=== BRIEF ===
From the first line to the last, set down the material exactly and drop every picture.

=== GIVEN INFORMATION ===
=====
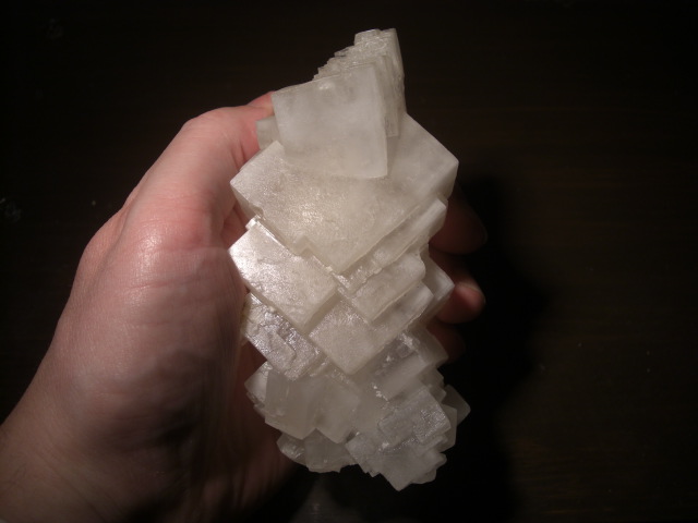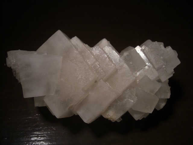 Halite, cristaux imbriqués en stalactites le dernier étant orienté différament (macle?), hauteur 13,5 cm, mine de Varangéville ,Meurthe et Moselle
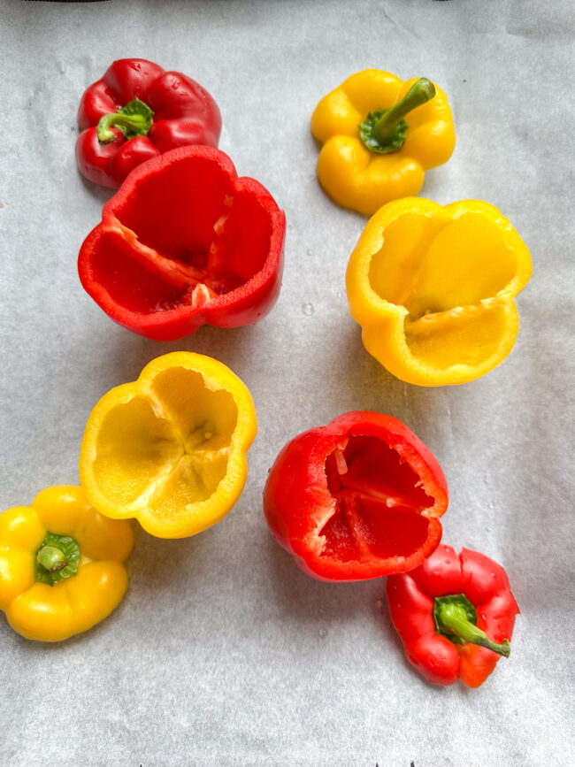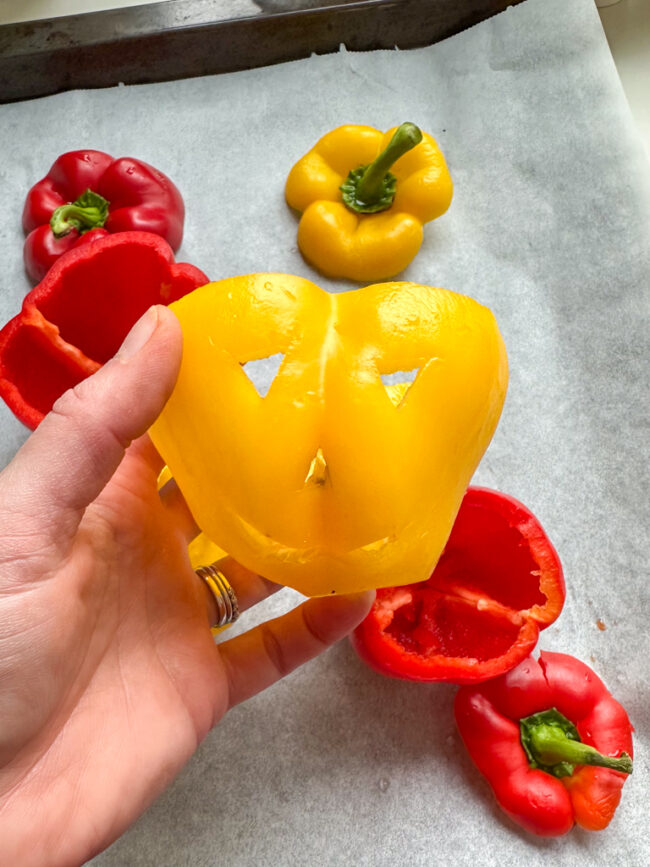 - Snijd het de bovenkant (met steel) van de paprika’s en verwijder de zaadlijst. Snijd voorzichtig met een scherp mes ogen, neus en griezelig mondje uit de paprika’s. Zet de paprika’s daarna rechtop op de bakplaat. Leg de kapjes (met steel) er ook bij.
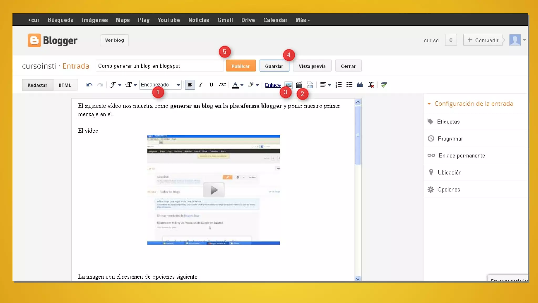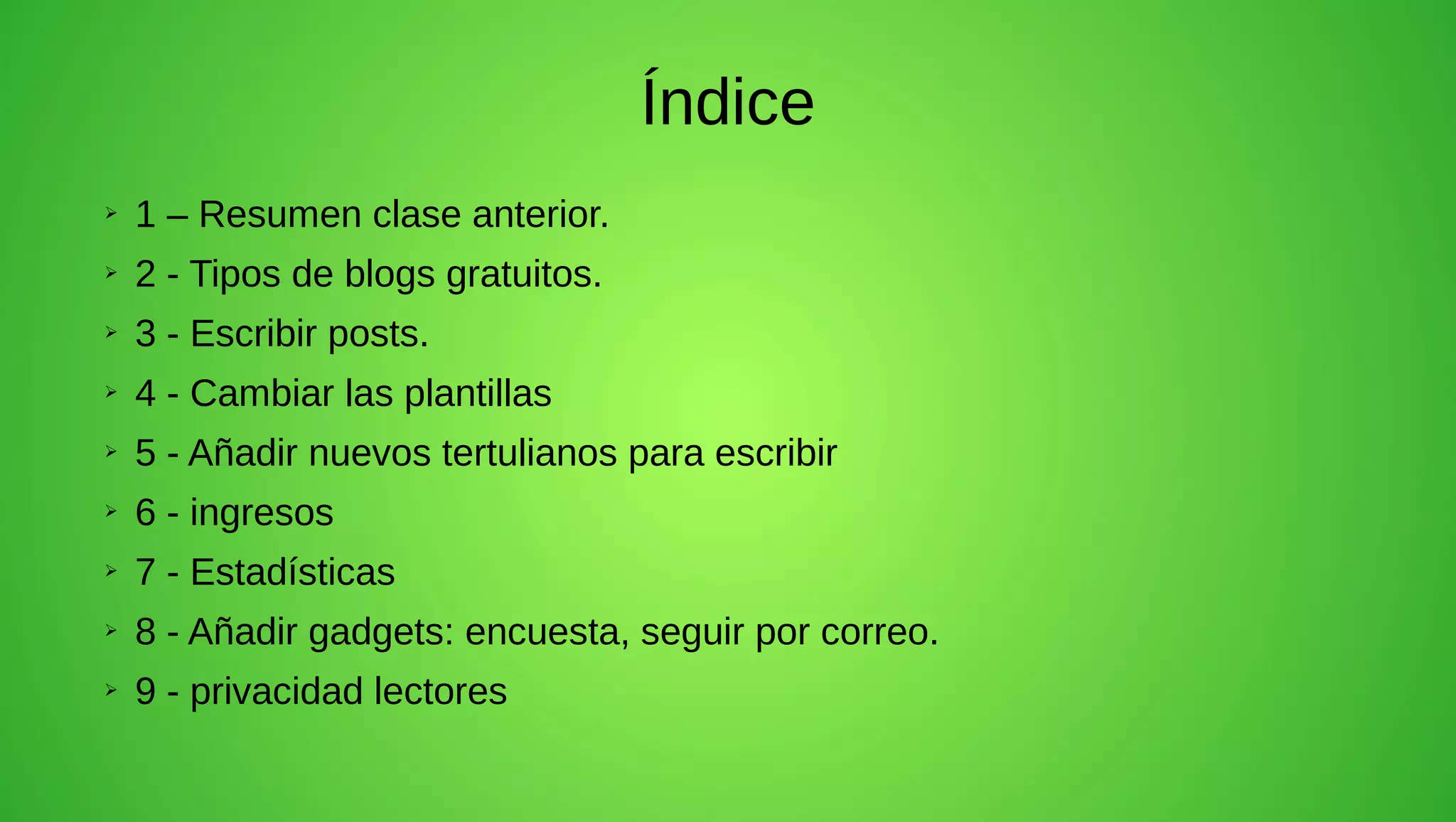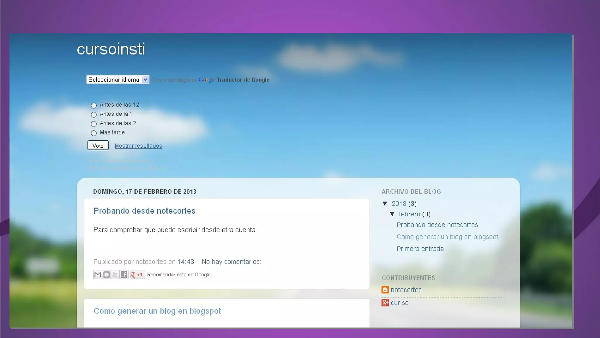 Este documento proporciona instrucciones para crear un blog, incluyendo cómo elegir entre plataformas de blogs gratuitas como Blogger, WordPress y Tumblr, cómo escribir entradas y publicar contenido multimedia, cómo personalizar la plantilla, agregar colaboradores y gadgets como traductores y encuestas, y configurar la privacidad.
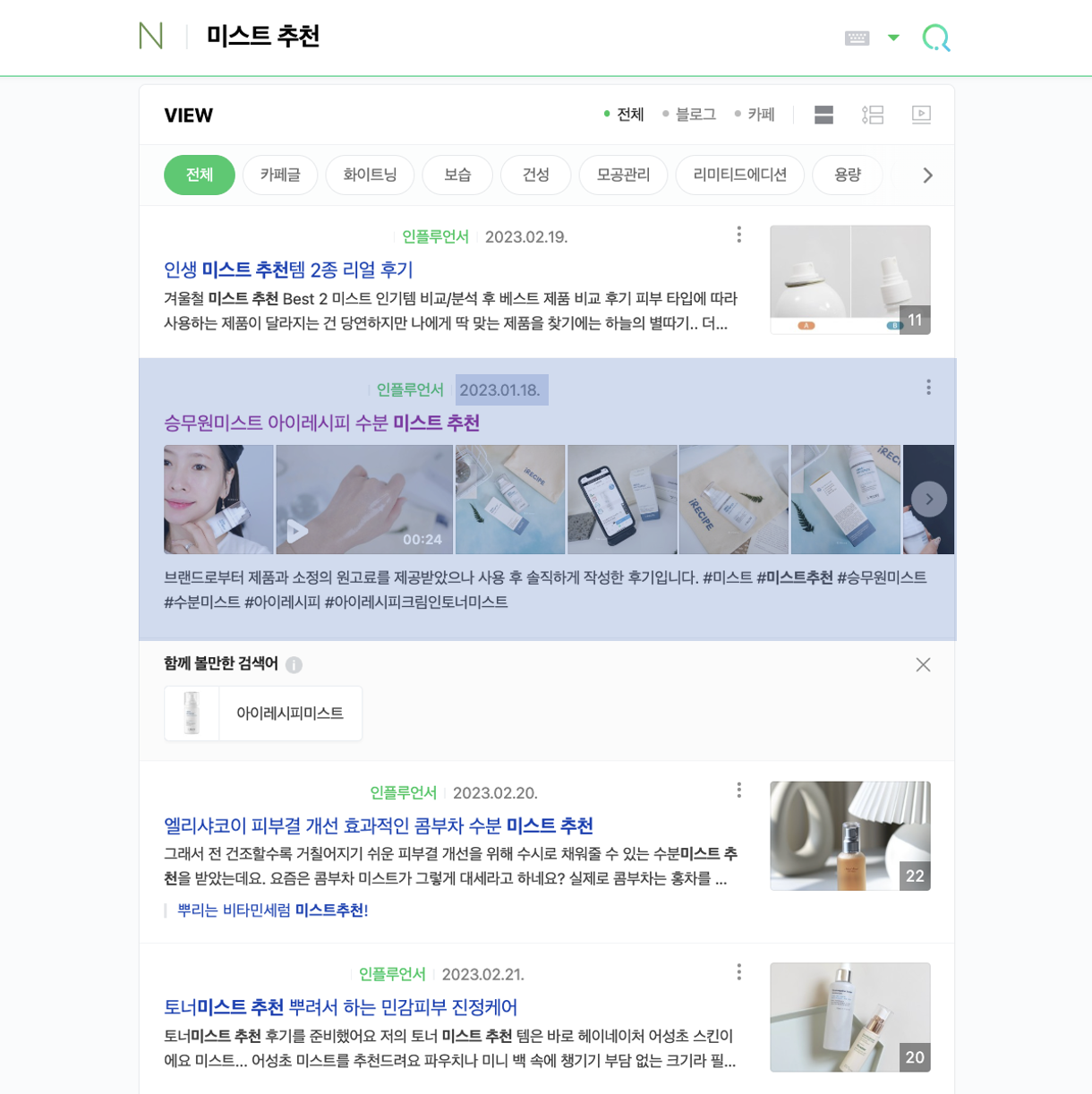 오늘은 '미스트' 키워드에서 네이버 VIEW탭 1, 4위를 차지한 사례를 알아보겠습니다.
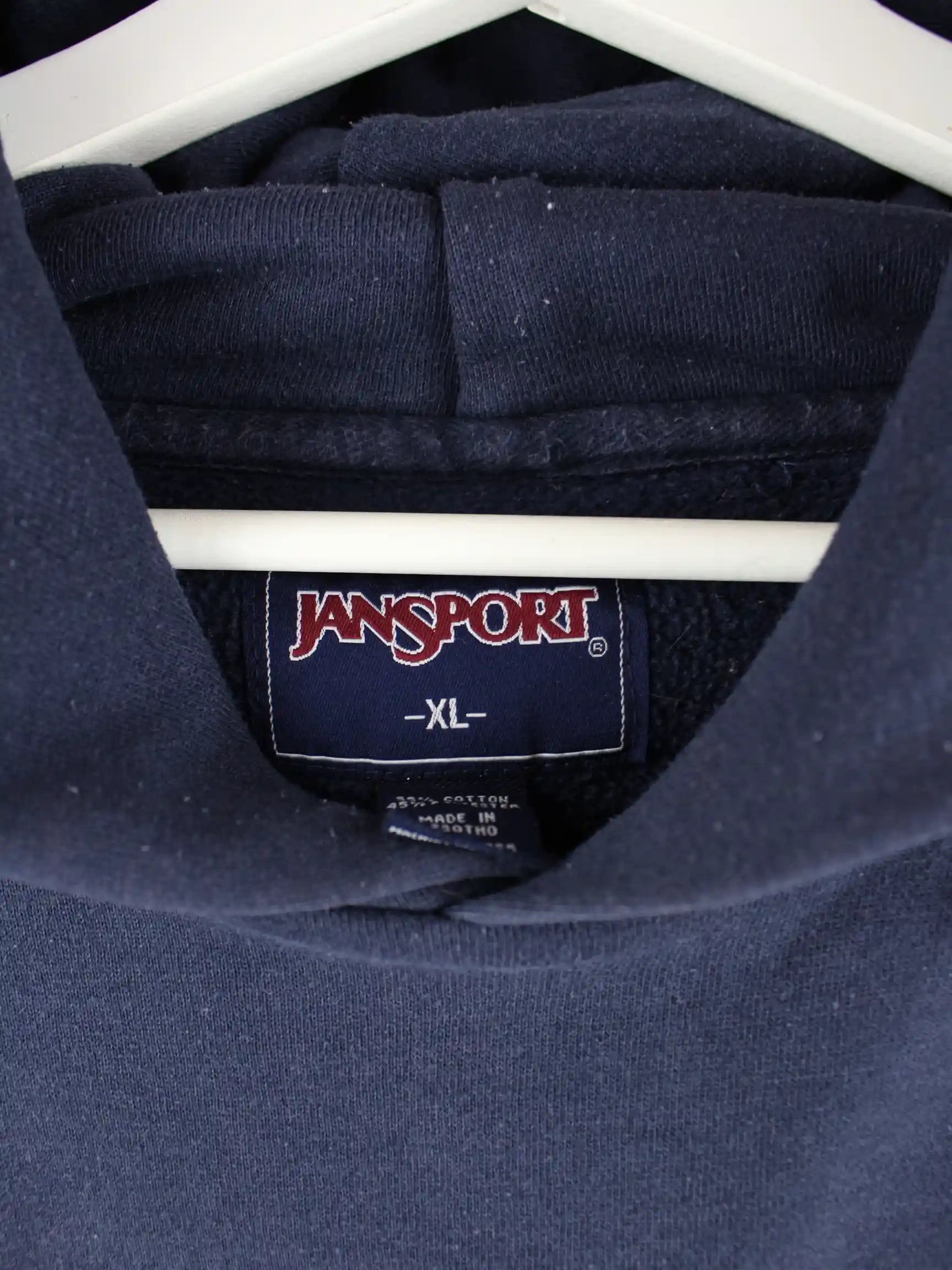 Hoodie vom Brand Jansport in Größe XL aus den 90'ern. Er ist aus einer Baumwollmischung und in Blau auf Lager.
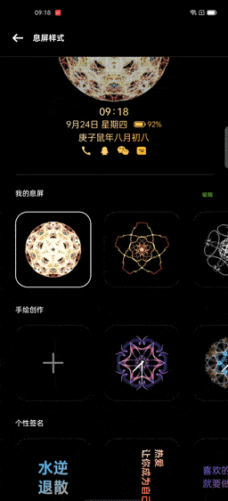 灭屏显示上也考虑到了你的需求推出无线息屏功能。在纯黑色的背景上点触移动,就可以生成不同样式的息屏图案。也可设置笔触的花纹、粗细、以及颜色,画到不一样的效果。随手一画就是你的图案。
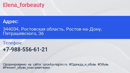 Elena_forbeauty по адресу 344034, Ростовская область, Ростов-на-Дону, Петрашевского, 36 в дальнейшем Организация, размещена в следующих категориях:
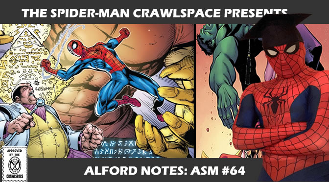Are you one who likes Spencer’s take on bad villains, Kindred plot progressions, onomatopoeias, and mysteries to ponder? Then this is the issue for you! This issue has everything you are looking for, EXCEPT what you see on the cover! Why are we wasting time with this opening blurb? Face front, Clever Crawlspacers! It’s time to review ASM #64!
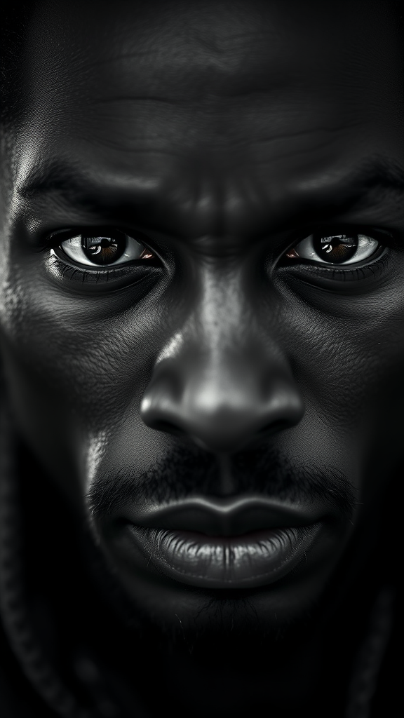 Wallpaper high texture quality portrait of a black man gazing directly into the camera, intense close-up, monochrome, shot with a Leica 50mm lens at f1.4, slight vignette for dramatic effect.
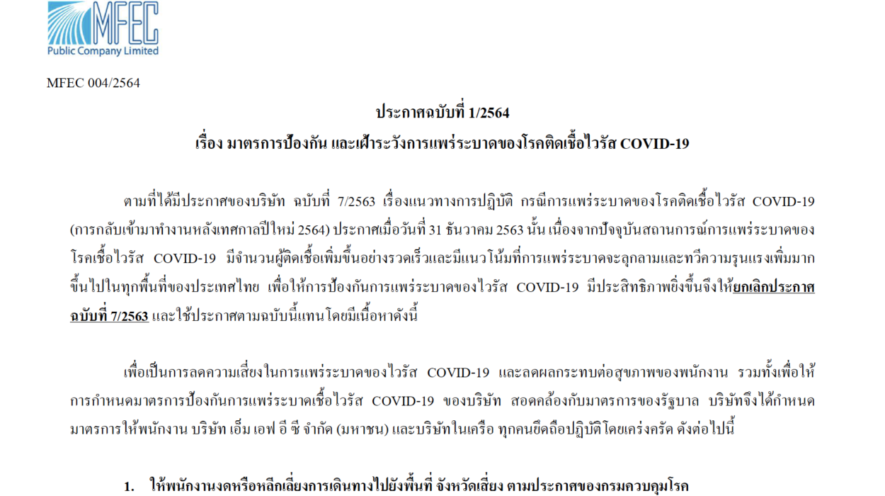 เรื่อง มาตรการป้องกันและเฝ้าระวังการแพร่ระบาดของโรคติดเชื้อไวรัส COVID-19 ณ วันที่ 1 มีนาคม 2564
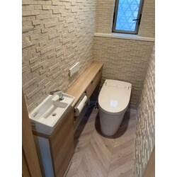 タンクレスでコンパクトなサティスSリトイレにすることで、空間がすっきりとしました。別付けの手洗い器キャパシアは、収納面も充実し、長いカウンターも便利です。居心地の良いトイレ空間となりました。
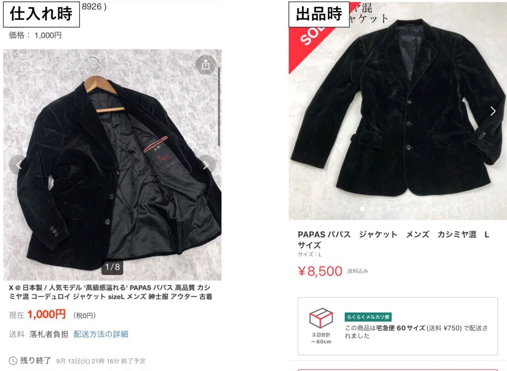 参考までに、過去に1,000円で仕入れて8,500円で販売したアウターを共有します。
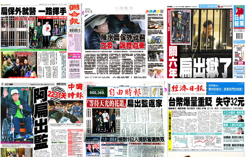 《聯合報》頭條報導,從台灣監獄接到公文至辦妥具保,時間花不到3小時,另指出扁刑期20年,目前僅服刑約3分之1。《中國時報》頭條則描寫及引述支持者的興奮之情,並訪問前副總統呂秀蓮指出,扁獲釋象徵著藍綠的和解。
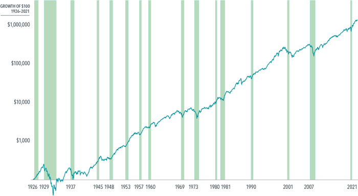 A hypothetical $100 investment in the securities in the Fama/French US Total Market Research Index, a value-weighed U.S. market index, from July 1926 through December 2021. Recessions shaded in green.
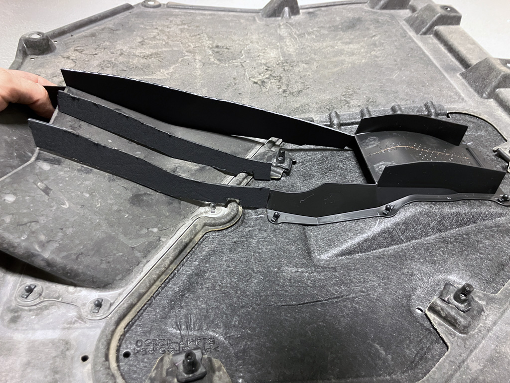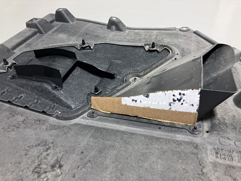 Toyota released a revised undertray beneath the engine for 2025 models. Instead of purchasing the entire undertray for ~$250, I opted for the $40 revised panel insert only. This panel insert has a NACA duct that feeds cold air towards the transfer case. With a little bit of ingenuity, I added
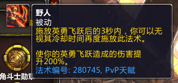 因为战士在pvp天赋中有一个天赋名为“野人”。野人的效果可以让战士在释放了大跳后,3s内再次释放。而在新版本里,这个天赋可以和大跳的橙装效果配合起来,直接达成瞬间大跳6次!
=====
=== PROBLEM SOLUTION ===
 Halite, cristaux imbriqués en stalactites le dernier étant orienté différament (macle?), hauteur 13,5 cm, mine de Varangéville ,Meurthe et Moselle
 - Snijd het de bovenkant (met steel) van de paprika’s en verwijder de zaadlijst. Snijd voorzichtig met een scherp mes ogen, neus en griezelig mondje uit de paprika’s. Zet de paprika’s daarna rechtop op de bakplaat. Leg de kapjes (met steel) er ook bij.
 Este documento proporciona instrucciones para crear un blog, incluyendo cómo elegir entre plataformas de blogs gratuitas como Blogger, WordPress y Tumblr, cómo escribir entradas y publicar contenido multimedia, cómo personalizar la plantilla, agregar colaboradores y gadgets como traductores y encuestas, y configurar la privacidad.
 오늘은 '미스트' 키워드에서 네이버 VIEW탭 1, 4위를 차지한 사례를 알아보겠습니다.
 Hoodie vom Brand Jansport in Größe XL aus den 90'ern. Er ist aus einer Baumwollmischung und in Blau auf Lager.
 灭屏显示上也考虑到了你的需求推出无线息屏功能。在纯黑色的背景上点触移动,就可以生成不同样式的息屏图案。也可设置笔触的花纹、粗细、以及颜色,画到不一样的效果。随手一画就是你的图案。
 Elena_forbeauty по адресу 344034, Ростовская область, Ростов-на-Дону, Петрашевского, 36 в дальнейшем Организация, размещена в следующих категориях:
Are you one who likes Spencer’s take on bad villains, Kindred plot progressions, onomatopoeias, and mysteries to ponder? Then this is the issue for you! This issue has everything you are looking for, EXCEPT what you see on the cover! Why are we wasting time with this opening blurb? Face front, Clever Crawlspacers! It’s time to review ASM #64!
 Wallpaper high texture quality portrait of a black man gazing directly into the camera, intense close-up, monochrome, shot with a Leica 50mm lens at f1.4, slight vignette for dramatic effect.
 เรื่อง มาตรการป้องกันและเฝ้าระวังการแพร่ระบาดของโรคติดเชื้อไวรัส COVID-19 ณ วันที่ 1 มีนาคม 2564
 タンクレスでコンパクトなサティスSリトイレにすることで、空間がすっきりとしました。別付けの手洗い器キャパシアは、収納面も充実し、長いカウンターも便利です。居心地の良いトイレ空間となりました。
 参考までに、過去に1,000円で仕入れて8,500円で販売したアウターを共有します。
 《聯合報》頭條報導,從台灣監獄接到公文至辦妥具保,時間花不到3小時,另指出扁刑期20年,目前僅服刑約3分之1。《中國時報》頭條則描寫及引述支持者的興奮之情,並訪問前副總統呂秀蓮指出,扁獲釋象徵著藍綠的和解。
 A hypothetical $100 investment in the securities in the Fama/French US Total Market Research Index, a value-weighed U.S. market index, from July 1926 through December 2021. Recessions shaded in green.
 Toyota released a revised undertray beneath the engine for 2025 models. Instead of purchasing the entire undertray for ~$250, I opted for the $40 revised panel insert only. This panel insert has a NACA duct that feeds cold air towards the transfer case. With a little bit of ingenuity, I added
 因为战士在pvp天赋中有一个天赋名为“野人”。野人的效果可以让战士在释放了大跳后,3s内再次释放。而在新版本里,这个天赋可以和大跳的橙装效果配合起来,直接达成瞬间大跳6次!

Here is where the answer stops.